=== Data for this exercise ===
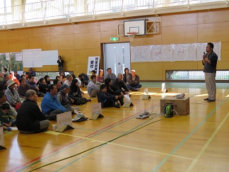 18日の資源回収の後に、地区の自主防災訓練がありました。。「崖崩れ」が発生する恐れがあるという想定で、三谷小学校の体育館が避難所になり、子どもたちや保護者の皆さん、各町の方々が体育館に避難しました。
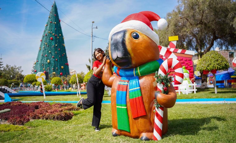 Un hermoso capibara navideño de más de 2 metros de altura se encuentra instalado en la plaza Jorge Chávez para que toda la familia pueda tomarse fotos con el animalito que está de moda.
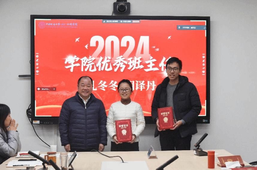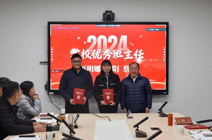 姜明敏为2023-2024学年度公司十佳班主任、公司优秀班主任和公司优秀班主任颁发证书。
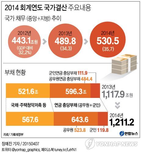 정부는 6일 국무회의에서 이런 내용을 담은 '2014 회계연도 국가결산'을 심의·의결했다. 정부는 감사원 결산 검사를 거쳐 내달 말가지 국회에 제출할 계획이다.
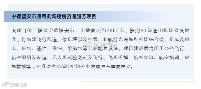 微博@前进福安消息:福安市通用机场规划咨询服务项目由机械工业第六设计研究院有限公司(简称中机六院)中标。
===
Problem details:
Please reproduce the records above exactly and leave any picture behind.

Result of the task:
 18日の資源回収の後に、地区の自主防災訓練がありました。。「崖崩れ」が発生する恐れがあるという想定で、三谷小学校の体育館が避難所になり、子どもたちや保護者の皆さん、各町の方々が体育館に避難しました。
 Un hermoso capibara navideño de más de 2 metros de altura se encuentra instalado en la plaza Jorge Chávez para que toda la familia pueda tomarse fotos con el animalito que está de moda.
 姜明敏为2023-2024学年度公司十佳班主任、公司优秀班主任和公司优秀班主任颁发证书。
 정부는 6일 국무회의에서 이런 내용을 담은 '2014 회계연도 국가결산'을 심의·의결했다. 정부는 감사원 결산 검사를 거쳐 내달 말가지 국회에 제출할 계획이다.
 微博@前进福安消息:福安市通用机场规划咨询服务项目由机械工业第六设计研究院有限公司(简称中机六院)中标。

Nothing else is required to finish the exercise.